Не обошёл Petya стороной и Вологодскую область

Хотя, как удалось выяснить РБК, новый компьютерный вирус, поразивший информационные системы тысяч компаний по всему миру, компаниям региона нанёс минимальный ущерб.

В числе единичных пострадавших, о которых стало известно, — медицинская компания Invitro («Инвитро»), информационная инфраструктура которой подверглась кибератаке. Впрочем, как накануне сообщило «РИА Новости», утечки персональных данных клиентов удалось избежать.

РБК связался с вологодским представительством «Инвитро», расположенным на Ленинградской улице областного центра. В телефонном разговоре представители компании сообщили о том, что, действительно, накануне перестала работать база данных, приём новых посетителей временно приостановлен, операторы просят новых клиентов перезвонить позже. Лабораторное же оборудование не пострадало, работает в обычном режиме.

По словам представителя «Инвитро», сейчас уже информация восстановлена, идёт процесс настройки системы, который должен завершиться к концу завтрашнего дня.

«Мы со всей ответственностью заявляем, что персональные данные наших клиентов не пострадали и не достались злоумышленникам», — говорится в официальном сообщении компании.

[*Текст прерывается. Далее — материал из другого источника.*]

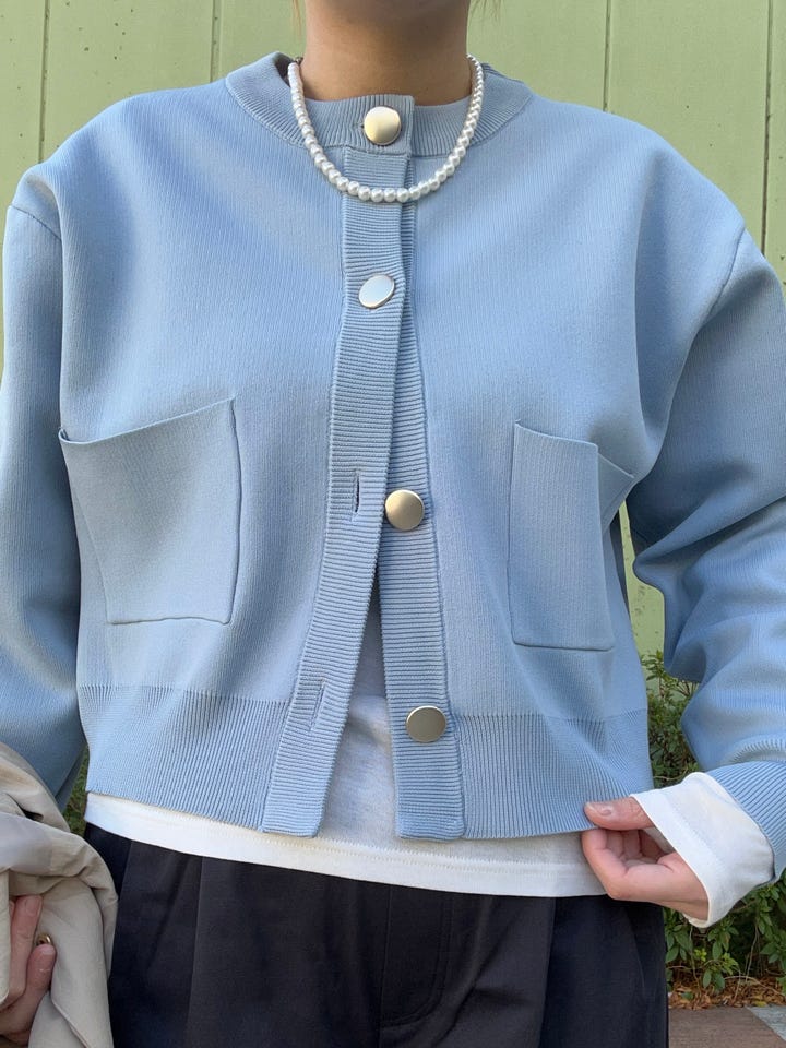 〔ONE SIZE〕SHIPS Colors:〈手洗い可能〉メタルボタン クルーネック カーディガン◇

Как известно, первым объектами атак вируса Petya стали нефтяные, металлургические компании и финансовые учреждения.

РБК Вологодской области связался с пресс-службой дивизиона «Северсталь Российская сталь», где нашему корреспонденту ответили, что хакерская атака компанию не затронула.

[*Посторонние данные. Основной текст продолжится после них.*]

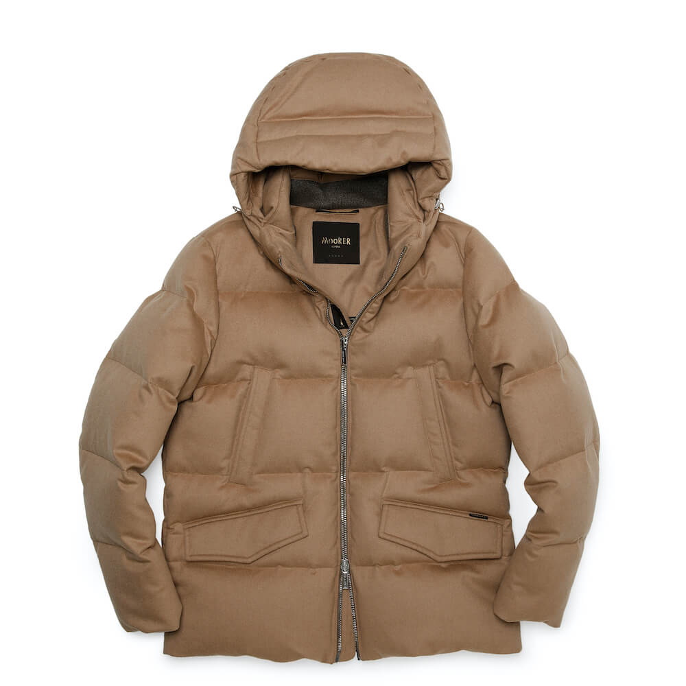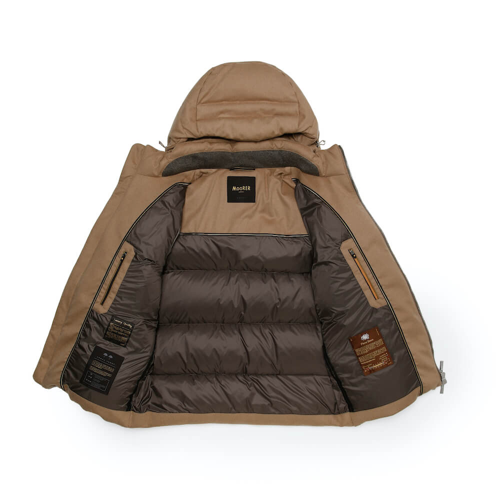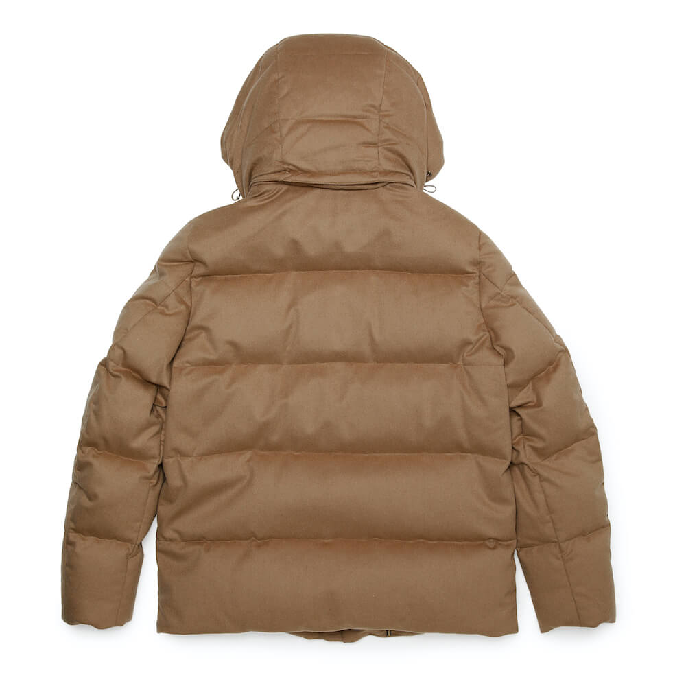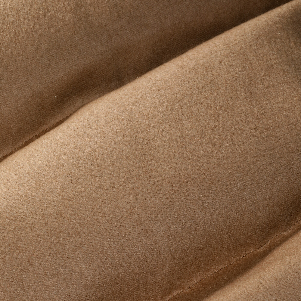 贅沢なキャメル(ラクダの毛)の質感が際立つダウンジャケット。ラグジュアリーな素材とワイドピッチのキルティングが特徴です。

«В компании информационной безопасности уделяют значительное внимание. Помимо технических средств обеспечения безопасности, работаем над повышаем грамотность сотрудников в этой области. Например, в компании разработаны электронные обучающие курсы, в которых рассматриваются вопросы обеспечения безопасной работы с информацией в повседневной деятельности работников компании. (это полезный тезис в этой ситуации — потому что, судя по сообщениям СМИ, вирус распространился после открытия сотрудниками сомнительных ссылок в почте)», — говорится в официальном сообщении «Северстали».

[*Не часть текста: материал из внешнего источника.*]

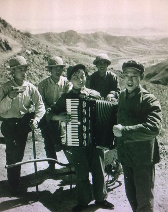 上世纪70年代初,193师(前身为红一师)文艺宣传队在坑道口为执行战备施工任务的指战员作慰问演出(佚名 摄)

Что касается банков, то нарушение работы из-за кибератаки пока подтвердил только российский «Хоум кредит банк» (ХКФ-банк). Банк подчеркнул, что заметил признаки нестабильности и решил провести проверку всех систем безопасности. Отделения ХКФ-банка были открыты, но работали в консультационном режиме, банкоматы и колл-центры продолжали работу. Сайт ХКФ-банка был недоступен, хотя банковские карты и банкоматы работали, платежи проходили.

Пример «Инвитро» и ХКФ-банка показывает, что на Вологодчине пострадали в основном подразделения (или франшизы) крупных федеральных компаний, объединенных общими сетевыми базами данных, по которым, собственно, вирус, попав в сеть через имеющуюся уязвимость, потом и распространялся.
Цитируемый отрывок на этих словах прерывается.